Ever since that phone call this am I have been a nervous wreck. I trust my triage skills, although I triaged so many people yesterday that I honestly cannot remember this particular patient at all. I know if I had seen or heard something on exam and interview I would have brought him straight back, even if I would have had to placed him in the hallway, which already had patients in it. A little bit ago the hospital left a message on my machine to meet with hospital lawyers on Thursday.
I am completely freaking out. What if I missed something,
will I ever be able to triage again without being scared of missing something? I realize we can't have a crystal ball to look in to see who has death lurking over their shoulder, but I still feel awful. Has this ever happened to anyone else?
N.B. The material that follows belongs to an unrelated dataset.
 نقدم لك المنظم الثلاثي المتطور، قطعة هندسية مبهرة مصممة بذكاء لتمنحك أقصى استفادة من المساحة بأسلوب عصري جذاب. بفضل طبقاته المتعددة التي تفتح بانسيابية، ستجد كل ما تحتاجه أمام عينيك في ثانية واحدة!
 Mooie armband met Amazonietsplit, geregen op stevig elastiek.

How do you go on without constantly second guessing yourself? Any respones will greatly be appreciated, as I am currently breaking out in one giant zit and getting a giant migraine from the stress. :stone :o
I read posts like this and thank my lucky stars that the two times recently someone came in with vague, 2 week old sx, we had room and they went back right away. Both were mid 50's. One was a discecting AAA, the one last night was an acute MI that went from being 7/10 pain to 1/10 with 1 NTG. He was talking to his wife when his eyes rolled back and he started going towards the light. One good thump, one shock and LIDO and he came around.
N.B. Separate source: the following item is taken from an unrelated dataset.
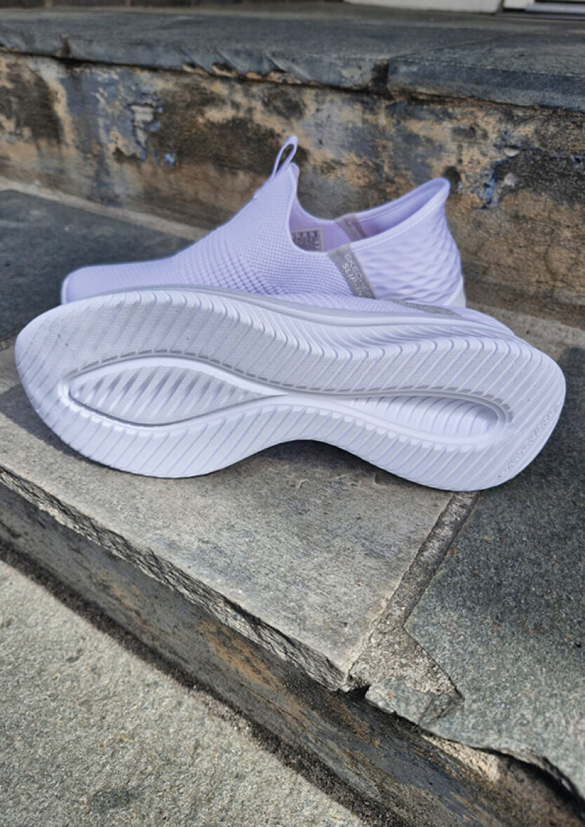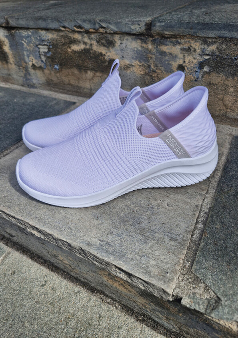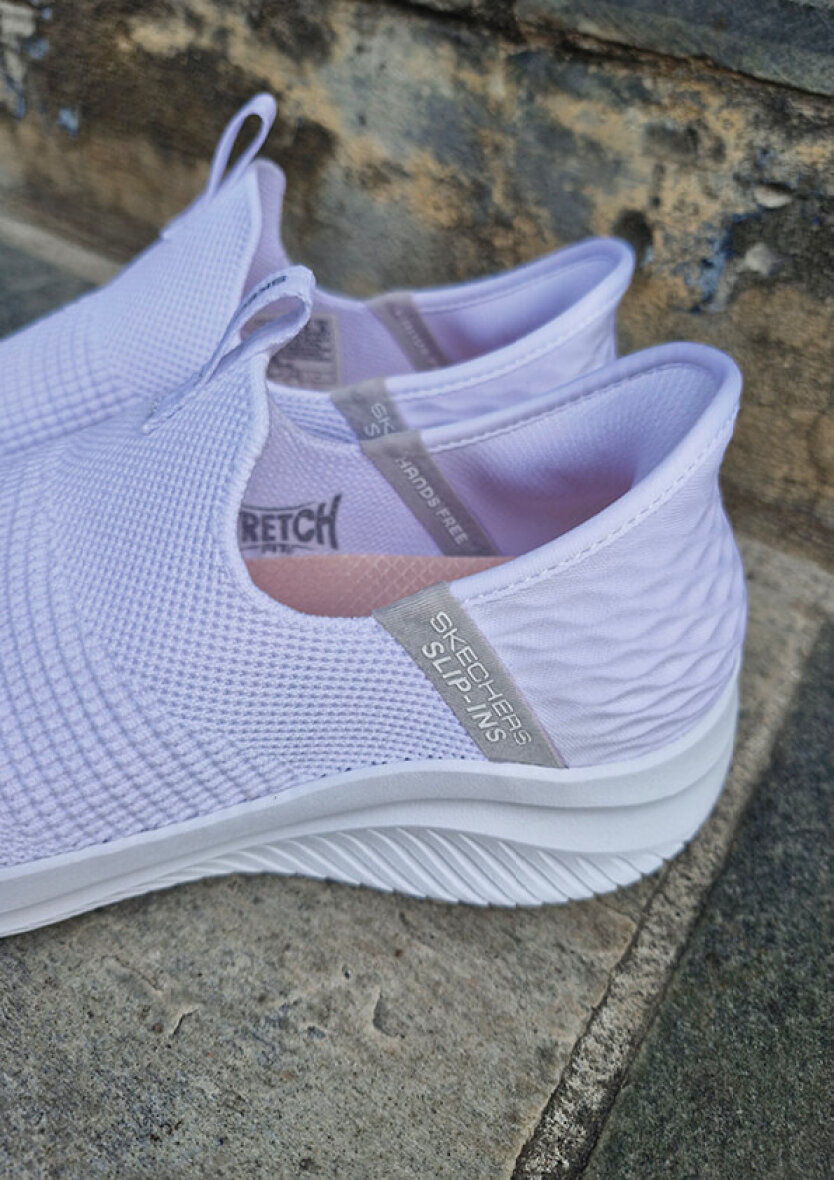 Lette hvide hands free slip-ins: Ultra Flex 3.0 - Cozy Streak fra Skechers. Skoen er lavet i blødt vævet mesh tekstil med stretch fit, som giver en sok-lignende komfort, som tilpasser sig foden. God og fleksibel pasform uden snøre.

Both presented to triage with vague pains off/on for as while. Neither had any risk factors. If we had been busy, both would have probably coded in the waiting room.
Like many posters have said. We do not have a crystal ball. We use our knowledge and experience and make the best decision, based on the information that is given to us by the historian (pt or family member). We have to drag the info out of many of them, and when we decide they can wait, nothing bad happens to them. It is a fact, but , sometimes one will slip through that should have gone back earlier.
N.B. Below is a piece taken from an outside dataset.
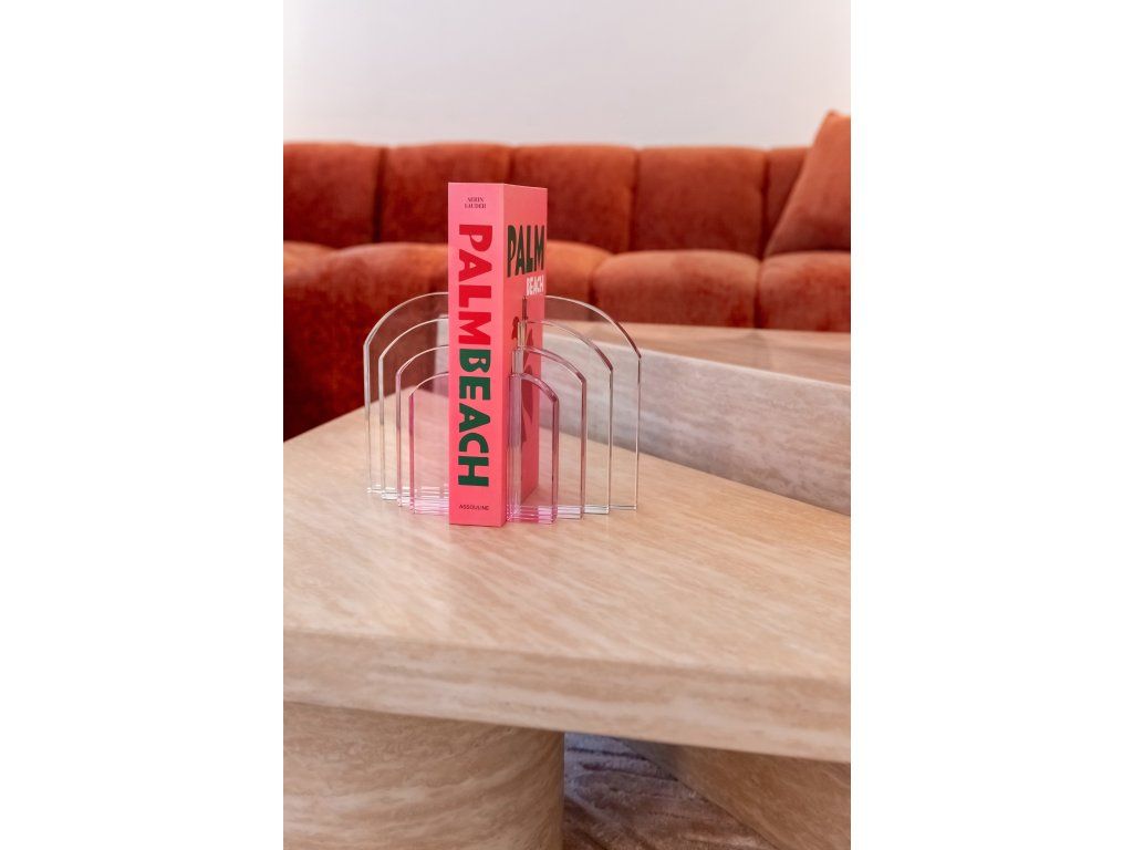 Stojan na knihy Alissia je elegantným a funkčným doplnkom každej knižnice alebo stola. Vyrobený z číreho skla, dizajn je umocnený jemne zakomponovanými ružovými detailmi, ktoré celku dodávajú jemný, ženský nádych.Dodatočné parametre

Don't beat yourself up over this. If you were not capable of doing the job, you would not be there. Just look at the chart, and perhaps that will help you remember. Tell only what you remember, do not let them put words inyour mouth.
I am sure you will come through this fine.
bob
I feel for you having been in a similar situation of sorts. You lose all confidence and the last thing you want to do is return. But return you MUST. You sound like a thorough and caring nurse to me. Some things are WTF situations and sometimes people die despite our BEST efforts to help them. These cases stymie us, cause us to step back and wonder WHY we do what we do. Don't let it defeat and demoralize you. Like said above, take good care of yourself and be extra kind to yourself. Each day will get a little bit easier as time goes by. Learn what you can (if there is anything) from the situation, and work hard to move on. Don't be afraid to take advantage of any counseling you can get, either. It can't hurt! Take care and good luck!
In our ER, any report of chest pain is considered emergent, no matter what. As a student I tend to err on the side of caution. I figure you can always downgrade someone if it turns out to be nothing. But we also only have one triage nurse and with so many patients coming in, I can see how something may be missed. The ER coordinator has been trying to get a second triage nurse for this very reason.
There but for the grace of God goes any one of us..I know I would have triaged it as non urgent. Just on the basis of a 2 week history you would think you were safe for at least another hour, or more.
I am so sorry you have to go through this, remember that you did not make an error. It was this man's time, and if he had coded in the trauma room you may not have been able to save him.
Sending my love.
Thanks everyone, these posts have really helped ease my mind somewhat. When more details are available to me I will let you all know what the final diagnosis was, I'm pretty sure they sent the guy for autopsy.
As for doing something nice for myself, they called wanting me to work today, and I said no, I'm spending this day with my daughter. Thank you all so very much.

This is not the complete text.